Кто же из нас, живя по близости с железной дорогой, да еще в детстве или в близком к нему возрасте, не переживал, не испытывал на себе всей романтики этого соседства?!.. Один взгляд на эти стальные чудища паровозов, окутанные белыми парами и клубами черного дыма, чудища, напоминающие сказочных змеев Горынычей, просто не может не привораживать намертво сердце каждого мальчишки. А уж когда они проносятся мимо, обдавая нас всеми этими устрашающими и в то же время возбуждающими запахами и звуками, все эти ревы, сипы, гудки, вздохи и хрюки их стальных утроб – это ли не сладкая сердечная истома, это ли не воплощение многих юных мечтаний и самых невозможных фантазий! А уж подложить что-нибудь на рельсу и посмотреть потом, что из этого выйдет – я не помню, чтобы кто мог удержаться от этого искушения.

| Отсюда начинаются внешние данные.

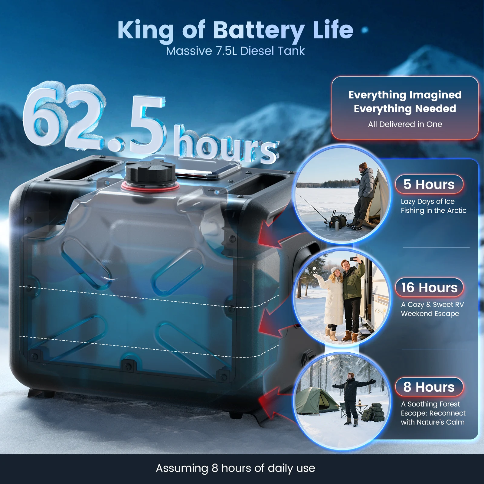 Hcalory Toolbox Max Diesel Air Heater 8KW, 100-240V AC & 12/24V DC Diesel Auxiliary Heater with 7.5L Fuel Tank & CO Alarm Sensor
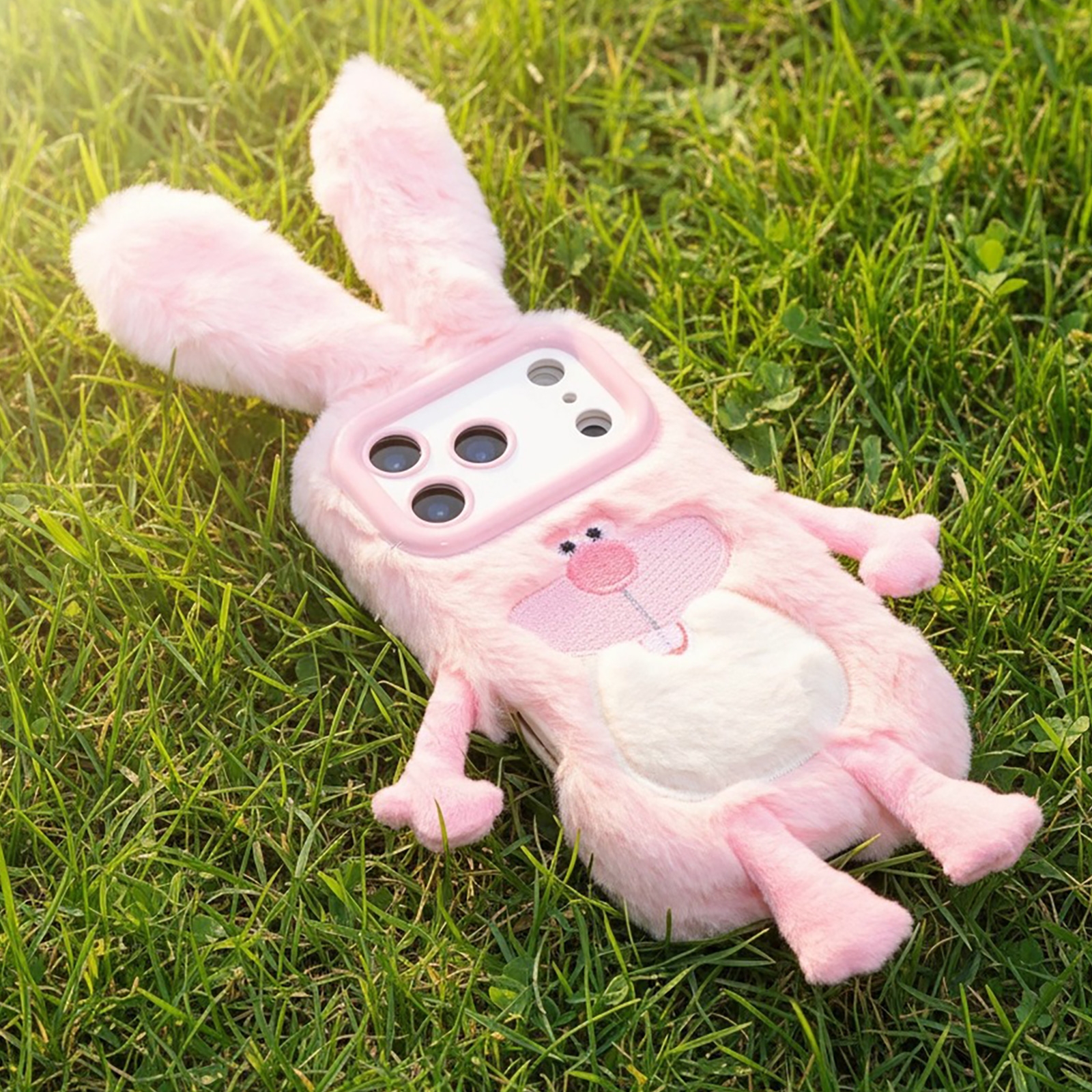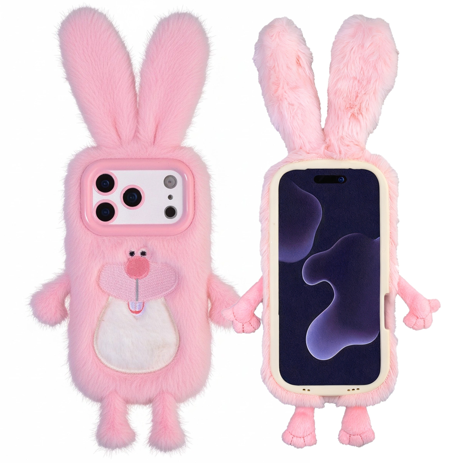 iPhone 17 Pro Max Plush Rabbit Case – Soft Furry Bucktooth Bunny Cover Pink

Подложить гвоздь – сотку или даже стопятьдесятку – а потом из полученной плюсны заточить и обделать под себя перочинный ножичек – это стало даже как бы и «узаконенным» некоим образом промыслом. Тот, кто не делал себе такого ножичка, уж и настоящим «пацаном» не мог считаться. Держишь такую расплющенную заготовку в руке – а она еще горячая после десятков стальных колес, только что ее распластовавших – и сердце невольно содрогается от ощущения прокатившейся мимо жуткой мощи. Я уже не говорю о тех ощущениях, когда ты едешь на самом поезде, особенно где-то его открытой площадке – словно отправляешься в полет за самой своей заветной мечтой.